Saved entries
*** Begin section ***

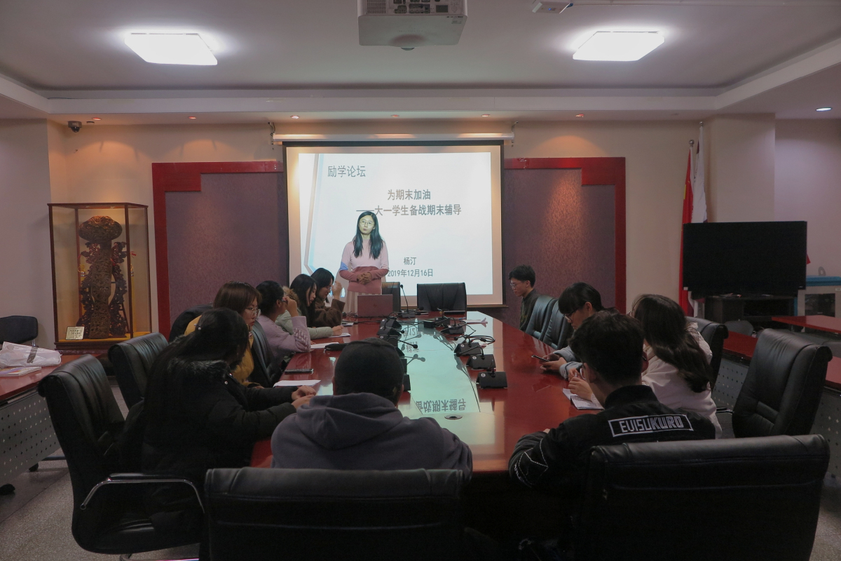 12月16日晚,买球体育官方网站励学论坛在励学楼201举行。本期论坛主题为“为期末加油——大一学生期末复习方法分享”。论坛由教师辅导员杨汀主持,买球体育官方网站大一各专业同学参加了此次论坛。
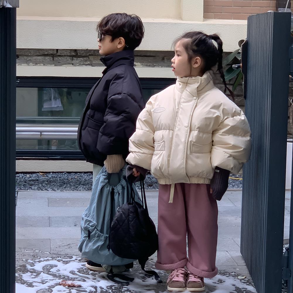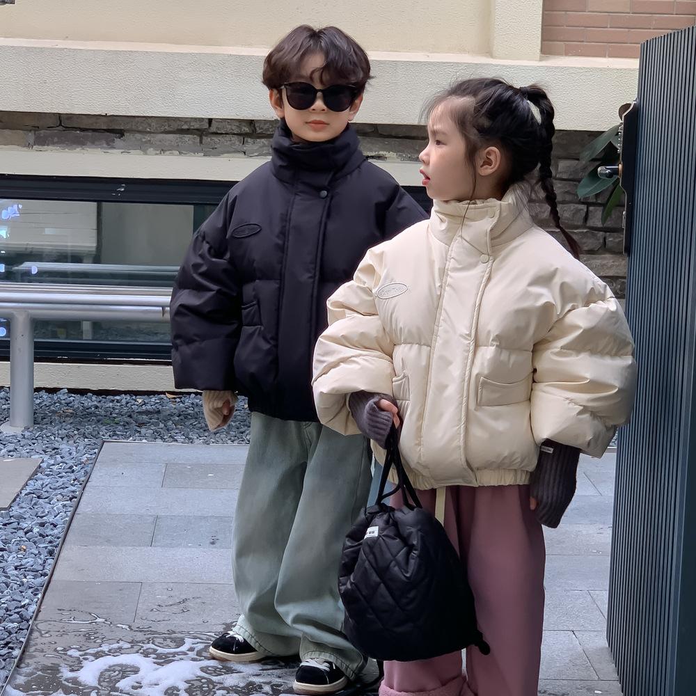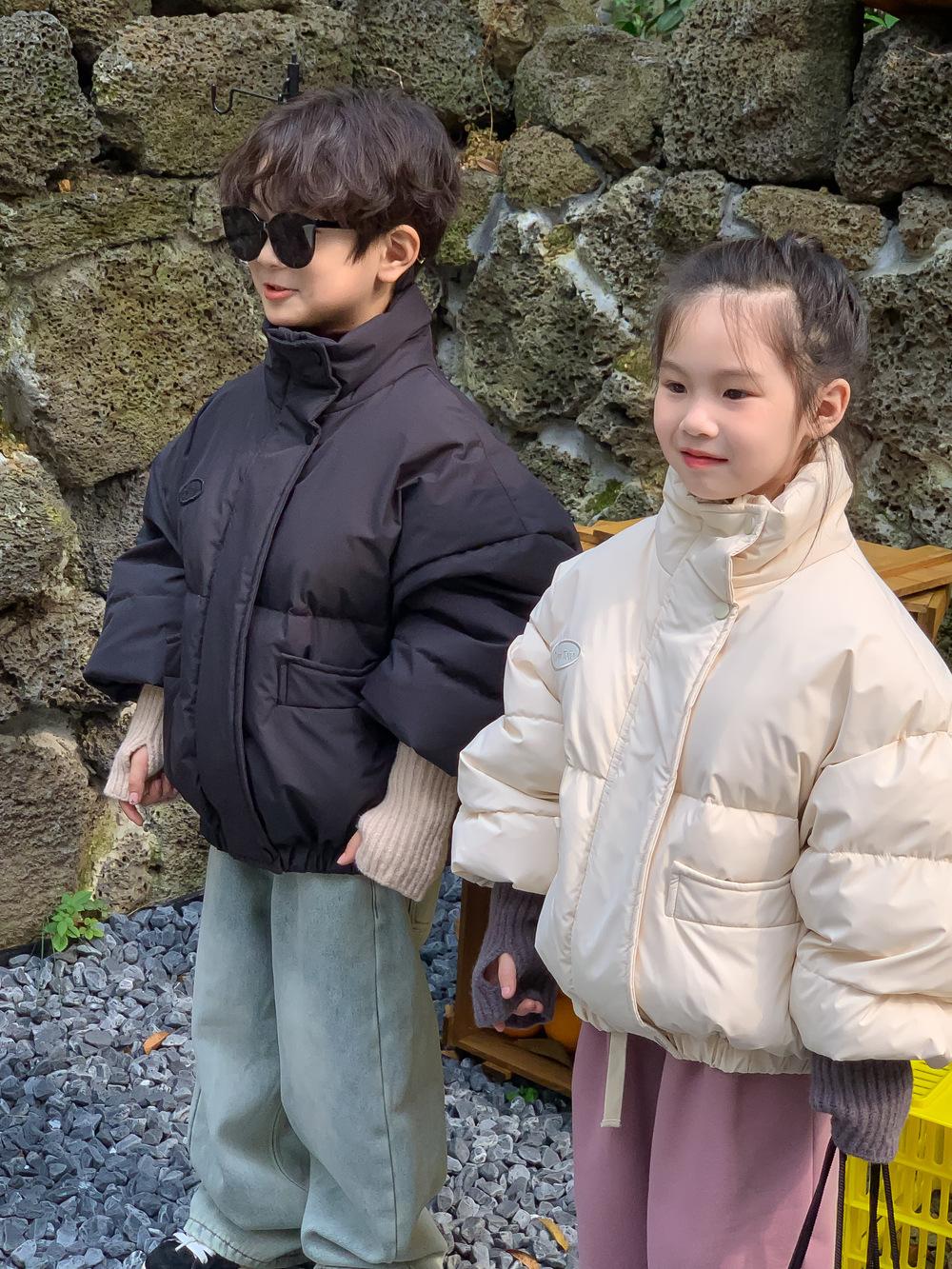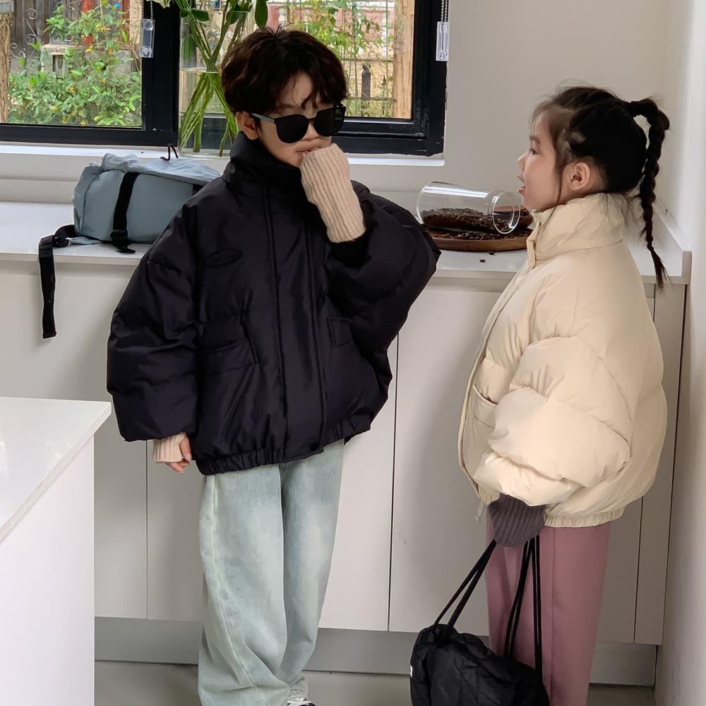 Chaqueta de plumón para niños 2025 Invierno Estilo coreano Color puro Engrosado Pan Chaqueta de plumón para niños y niñas Top corto cálido para niños
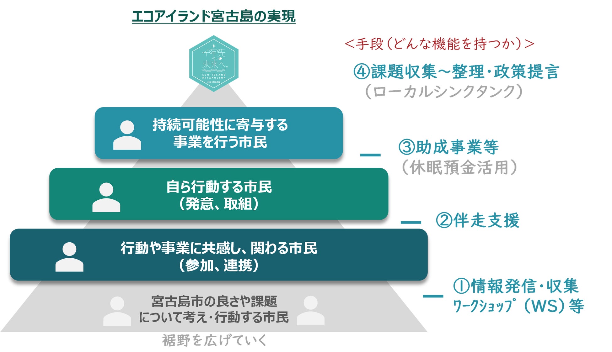 千年PFは、「「環境×経済×社会」の統合的な視点を持った地域の持続可能性=エコアイランド宮古島の実現を目指す」をビジョンに掲げています。市民発意の事業に対する伴走支援および助成事業の実施、解決すべき地域課題・活かせる地域資源の発掘を目的とした情報発信・収集(地域回り、相談受付等)、課題整理や政策提言等(ローカルシンクタンク機能)を主な事業内容としています。
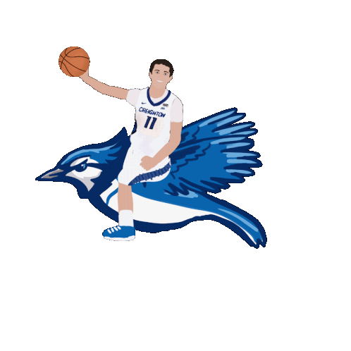 Ryan Kalkbrenner, the Creighton basketball star, is depicted flying on the back of Betty the Bluejay mascot.
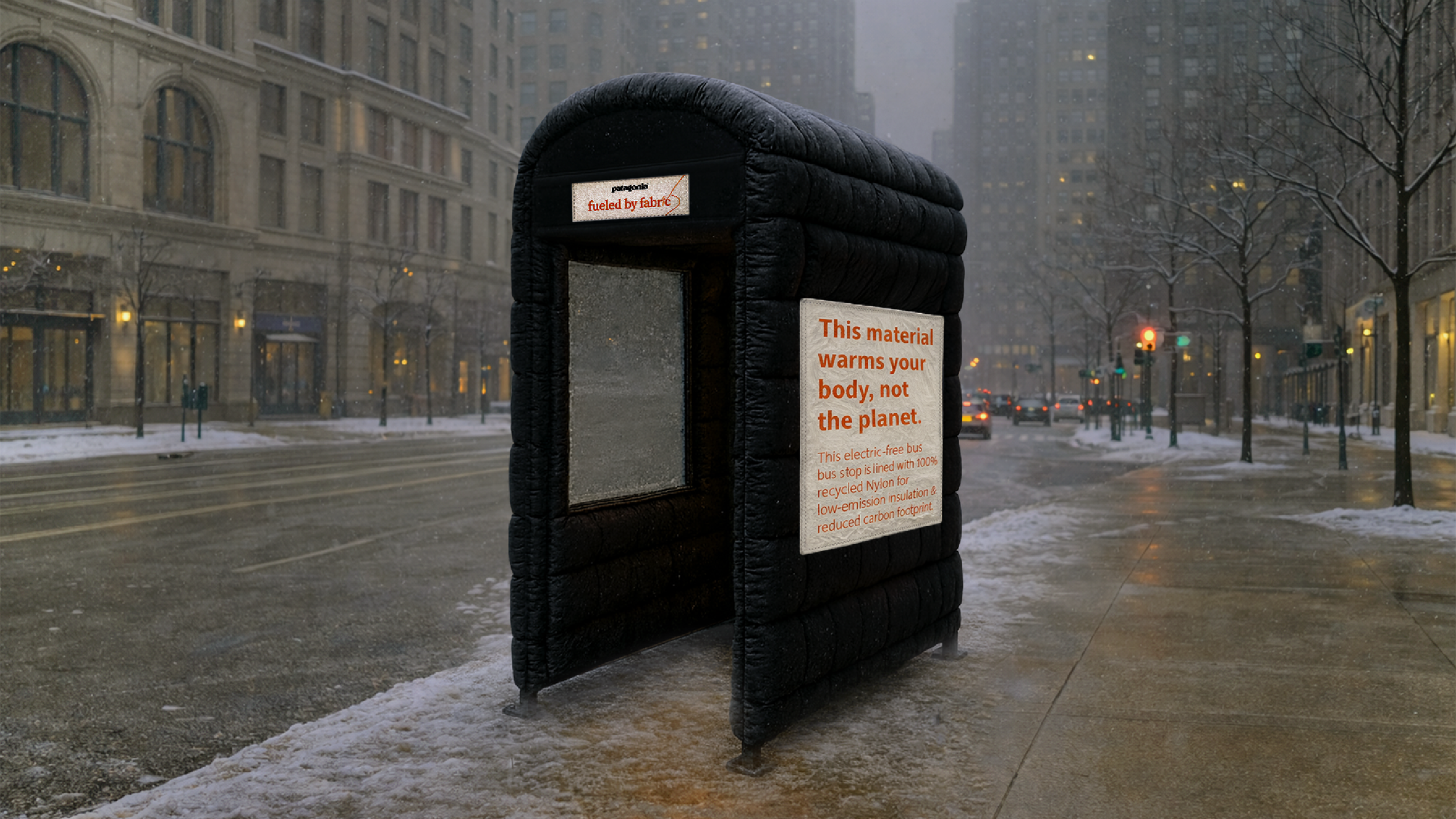Heated bus stops are a necessary refuge in harsh winter climates. This one in particular only uses the insulating power of 100% recycled puffer.

*** End section ***

EXERCISE PROMPT -
Leave the pictures out, and copy exactly each line from the one containing "千年PFは、「「環境×経済×" through the final line of the data.

RESPONSE FOR THIS EXERCISE -
 千年PFは、「「環境×経済×社会」の統合的な視点を持った地域の持続可能性=エコアイランド宮古島の実現を目指す」をビジョンに掲げています。市民発意の事業に対する伴走支援および助成事業の実施、解決すべき地域課題・活かせる地域資源の発掘を目的とした情報発信・収集(地域回り、相談受付等)、課題整理や政策提言等(ローカルシンクタンク機能)を主な事業内容としています。
 Ryan Kalkbrenner, the Creighton basketball star, is depicted flying on the back of Betty the Bluejay mascot.
Heated bus stops are a necessary refuge in harsh winter climates. This one in particular only uses the insulating power of 100% recycled puffer.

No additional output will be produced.